What you need to do
Produce an exact transcription of the listing below, omitting the pictures.

Supplied information
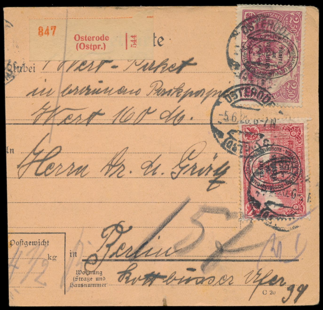 2. Ausgabe 1 M. und 2,50 M. auf Wert-Paketkarte mit Wertangabe 160 M., roter Wert-Nummernzettel, Stempel Osterode (Ostpr.) c 5.6.20, nach Berlin, Aushändigungsvermerk 14.6., geprüft Infla Berlin
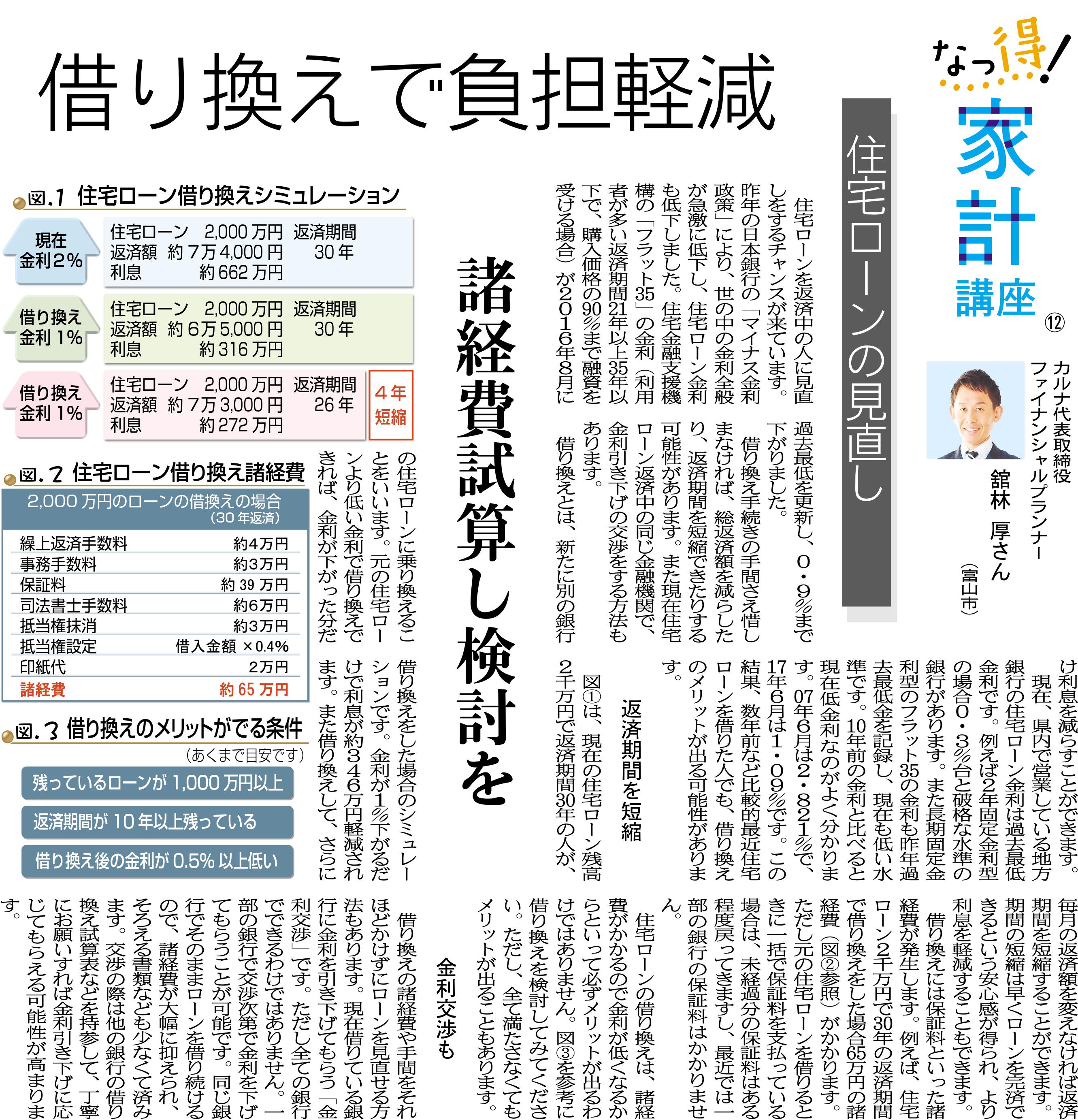 北日本新聞朝刊(2017.7.8) 2017/07/12| Magazine 北日本新聞朝刊(2017年7月8日)に掲載 2016年8月から北日本新聞で、お金に関する様々な情報をお伝えする「なっ得家計講座」の連載です。期間は1年で毎月第2土曜日に掲載されます。FP舘林は奇数月を担当し、今回は6回目の最後の掲載で「住宅ローン」についてです。日本銀行のマイナス金利政策の影響で、住宅ローンの金利は去年から引き続き低いです。住宅ローンを返済中の方には見直しのチャンスかもしれません。 下記のサイトからもご覧になれます! 北日本新聞ウェブ(webun ウェブン) マイベストプロ富山
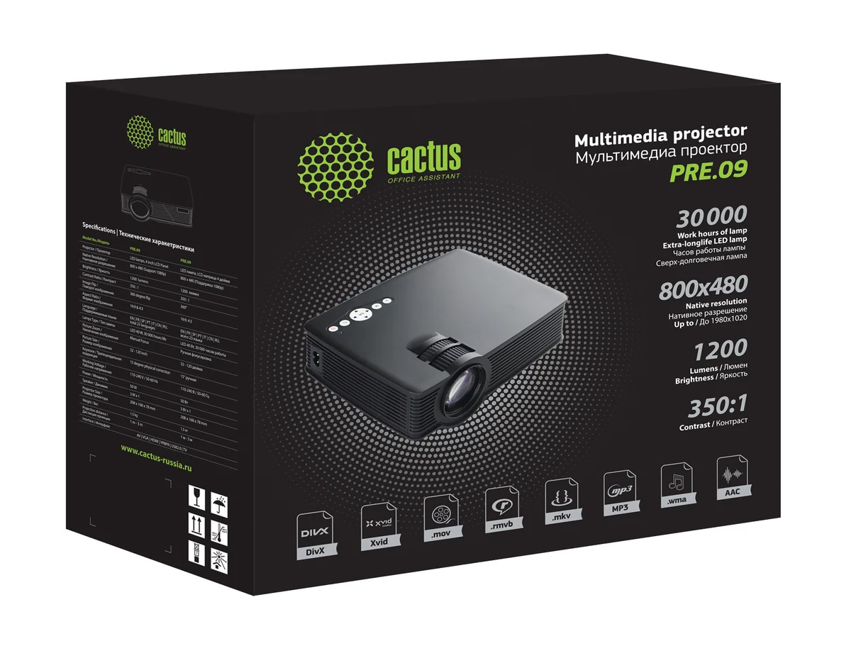 Проектор Cactus CS-PRE.09B.WVGA LCD 1200Lm (800x480) 350:1

Expected output
 2. Ausgabe 1 M. und 2,50 M. auf Wert-Paketkarte mit Wertangabe 160 M., roter Wert-Nummernzettel, Stempel Osterode (Ostpr.) c 5.6.20, nach Berlin, Aushändigungsvermerk 14.6., geprüft Infla Berlin
 北日本新聞朝刊(2017.7.8) 2017/07/12| Magazine 北日本新聞朝刊(2017年7月8日)に掲載 2016年8月から北日本新聞で、お金に関する様々な情報をお伝えする「なっ得家計講座」の連載です。期間は1年で毎月第2土曜日に掲載されます。FP舘林は奇数月を担当し、今回は6回目の最後の掲載で「住宅ローン」についてです。日本銀行のマイナス金利政策の影響で、住宅ローンの金利は去年から引き続き低いです。住宅ローンを返済中の方には見直しのチャンスかもしれません。 下記のサイトからもご覧になれます! 北日本新聞ウェブ(webun ウェブン) マイベストプロ富山
 Проектор Cactus CS-PRE.09B.WVGA LCD 1200Lm (800x480) 350:1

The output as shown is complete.